Se acabó lo que se daba

Hace años que Eduardo Mendoza (Barcelona, 1943) parece incapaz de tomarse nada demasiado en serio. Ni su propia literatura, como demuestra esa trilogía que empezó con El rey recibe en 2018, continuó en 2019 con El negociado del yin y el yang y concluye ahora con Transbordo en Moscú. El hombre ya no está para tours de force como La verdad sobre el caso Savolta o La ciudad de los prodigios, que le dieron justa fama y merecido prestigio, pero cuya senda no está muy motivado para seguir a sus 78 años.

Dice que Transbordo en Moscú es su última novela y que, a partir de ahora, no esperemos de él más que algún ensayito o alguna traducción. ¿Será cierto? Bueno, teniendo en cuenta que Mendoza lleva años diciendo que la novela como género literario está muerta -solía decirlo cada vez que publicaba una nueva-, no sé hasta qué punto es fiable está afirmación, pero puede que esta vez vaya en serio. Si yo soy trece años menor que él y ya empiezo a preguntarme para qué hacer nada si todo da, en el mejor de los casos, una mezcla de risa y pena, con mayor motivo puede enfocar la retirada un hombre que lo ha sido todo en la literatura española contemporánea.

Personalmente, siempre le agradeceré que encontrara un rato libre para prologar mi libro Sospechosos habituales con un texto que tenía mucha gracia y hasta revelaba cierto afecto, totalmente inmerecido si tenemos en cuenta que lo conocí en Nueva York en 1980 -a través de nuestro común amigo Carlos Pazos- y que desde entonces solo nos hemos cruzado unas cuantas veces en situaciones variopintas. Pero es que Mendoza, además de un gran escritor, es también un señor amable, cordial y siempre dispuesto a intercambiar cuatro palabras con cualquiera que no le caiga rematadamente mal. Pese a tomarse el prusés a chufla, Mendoza ha logrado que no se le considere un enemigo de la Cataluña catalana, como si hemos conseguido Javier Cercas y, más modestamente, un servidor de ustedes. Es lo que tiene ser afable, supongo, que puedes decir lo que te de la gana sin que te lo tengan en cuenta.

Me lo pasé muy bien con El rey recibe y no tan bien con El negociado del yin y el yang (que se iba demasiado por las ramas, en mi opinión), pero pienso hacerme con Transbordo en Moscú porque esta trilogía es lo más parecido a unas memorias que podemos esperar de nuestro hombre. De hecho, la trilogía surge del profundo aburrimiento que se apoderó de él cuando intentó ponerse con su autobiografía.

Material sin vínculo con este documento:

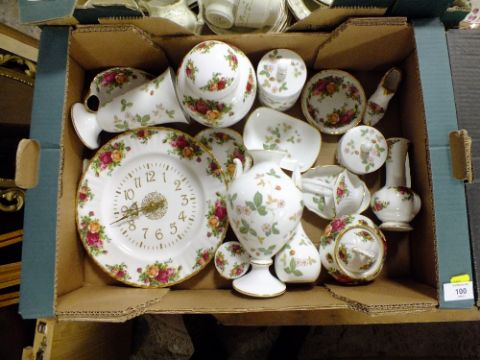 A BOX OF ROYAL ALBERT OLD COUNTRY ROSES AND WEDGWOOD WILD STRAWBERRY

De ese auto tedio salieron esas tres novelas que resumen las últimas décadas de vida española a través de un alter ego del autor, el catastrófico periodista Rufo Batalla, quien, como el pusilánime Prullàs de Una comedia ligera, coincide bastante con la imagen que Mendoza parece tener de sí mismo.

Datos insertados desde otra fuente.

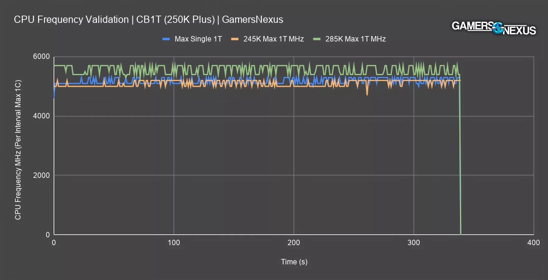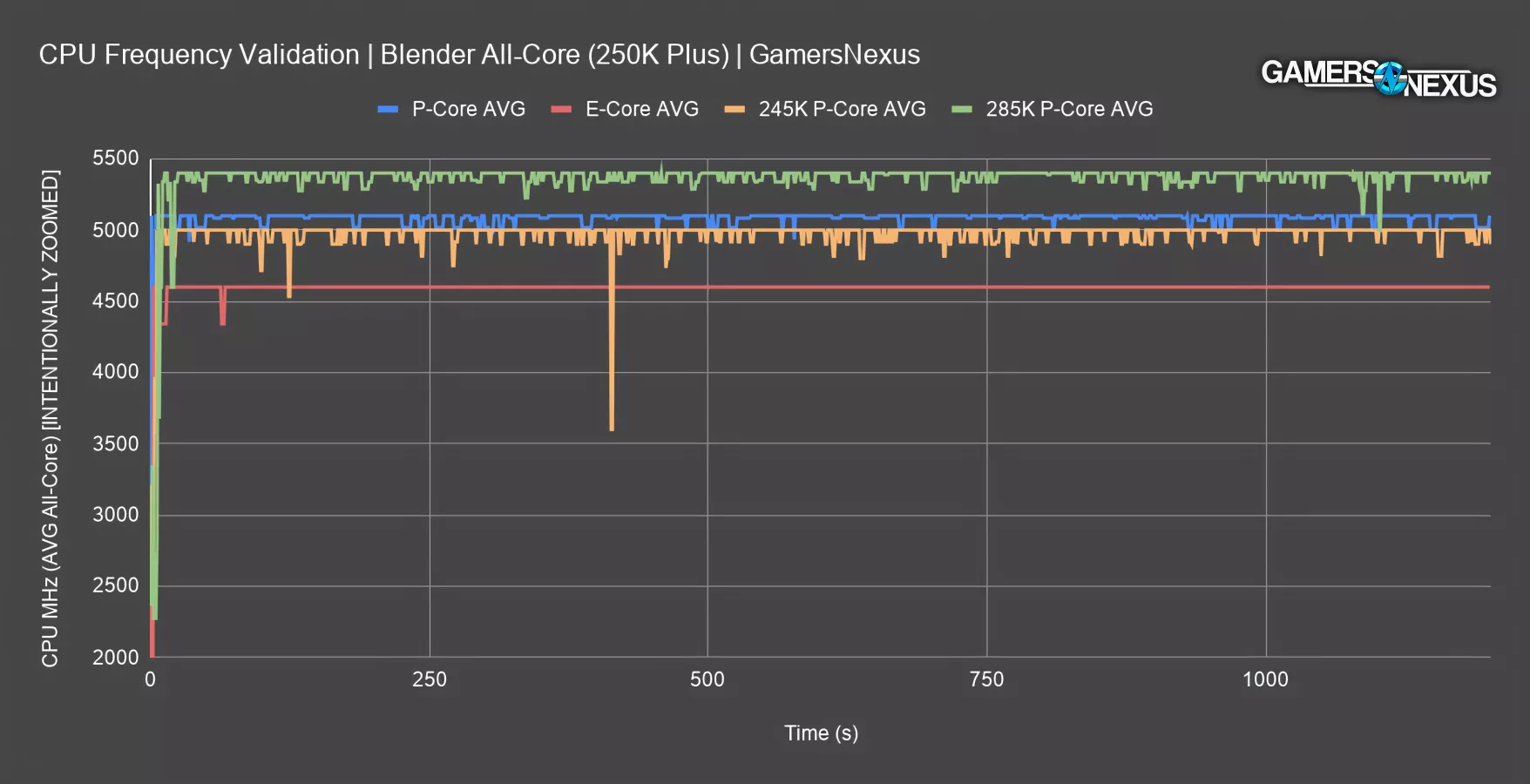 Adding the 245K for reference, the predecessor averaged 5 GHz even for most of this test. The dip down in the center is a logging anomaly from the test process and can be ignored. In general, the new CPU is 100-200 MHz faster.

Da la impresión de que este hombre, pese a sus muchos logros personales y literarios, sigue considerándose un zascandil que, de alguna manera, ha conseguido engañar a sus semejantes sobre sus auténticas intenciones en esta vida. Cuando la existencia no le parecía, como yo diría que es ahora el caso, una farsa a menudo divertida, pero en el fondo banal, Mendoza podía escribir novelas como La ciudad de los prodigios. Cerca de ser octogenario, se conforma con reír y hacer reír a base de un fatalismo irónico -a Oscar Tusquets le ocurre algo parecido- que, a mí, francamente, me parece algo a lo que aspirar en la edad provecta.